- Born: 19 May 2008 (age 18) San Diego

Gymnastics career
- Discipline: Rhythmic gymnastics
- Country represented: United States (2021-present)
- Head coach: Kamelia Dunavska
- Assistant coach: Margarita Mamzina
- Medal record
Representing United States
Rhythmic gymnastics
| Event | 1st | 2nd | 3rd |
| FIG World Cup | 0 | 1 | 1 |
| Total | 0 | 1 | 1 |
Pan American Gymnastics Championships
| Silver medal – second place | 2025 Asunción | 3 Balls & 2 Hoops |
| Silver medal – second place | 2026 Rio de Janeiro | Group All-Around |
| Silver medal – second place | 2026 Rio de Janeiro | 5 Balls |
| Bronze medal – third place | 2025 Asunción | Group All-Around |
| Bronze medal – third place | 2025 Asunción | 5 Ribbons |

= Natalia Ye-Granda =

American gymnast

Natalia Ye-Granda (born 19 May 2008) is an American rhythmic gymnast. She represents the United States in international competitions as a member of the national group.

== Biography ==
In 2021 Ye-Granda participated in the Irina Cup in Warsaw, being 14th among juniors. At the USA Gymnastics Championships she was 17th in the All-Around.

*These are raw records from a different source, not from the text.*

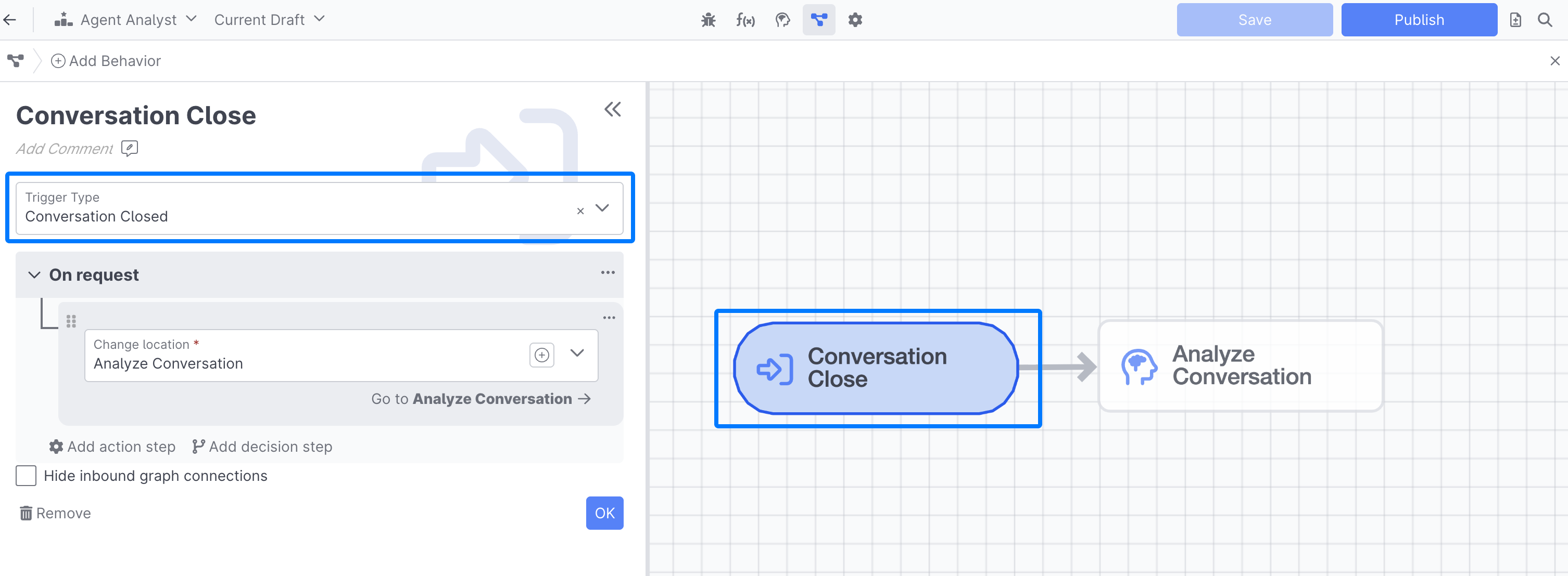 Conversation Analysts, like all other AI Studio projects, start with a Trigger Behavior that initiates the Conversation Analyst. Currently the Trigger Behavior supports Conversation Closed as a Trigger Type: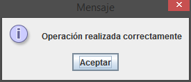 JOptionPane.showMessageDialog(null,"Operacion realizada correctamente")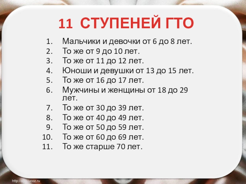 11 СТУПЕНЕЙ ГТОМальчики и девочки от 6 до 8 лет.То же от 9 до 10 лет.То же

In 2023 she competed at Miss Valentine in Tartu, winning bronze in the All-Around and gold with hoop and with ribbon among gymnasts born in 2008. In June she was 10th overall at nationals and was named part of the national team.

She became a senior in 2024 and in September, after the members of the previous group retired, she was called up to form the new senior group under the orders of Kamelia Dunavska and Margarita Mamzina.

The new group made its debut at the Friendship Cup in Alkmaar, winning gold overall. At the World Cup in Sofia they finished 10th overall, 12th with 3 balls & 2 hoops and 8th with ribbons. In Baku they were 11th in the All-Around, 13th with 5 ribbons and 9th in the mixed event. At the Portimão World Challenge Cup they were 5th overall, winning bronze with 5 ribbons and silver with 3 balls & 2 hoops. In June she participated in the Pan American Championships in Asunción, winning bronze in the All-Around and with 5 ribbons as well as silver in the mixed event. In July she performed at the World Cup in Milan, being 13th in the All-Around, 10th with 5 ribbons and 14th with 3 balls & 2 hoops. A week later the group participated in the stage in Cluj-Napoca, finishing 10th overall, 10th with 5 ribbons and 12th in the mixed event. She was then selected for the World Championships in Rio de Janeiro along Kalina Trayanov, Anabella Hantov, Greta Pavilonyte, Alaini Spata and Goda Balsys.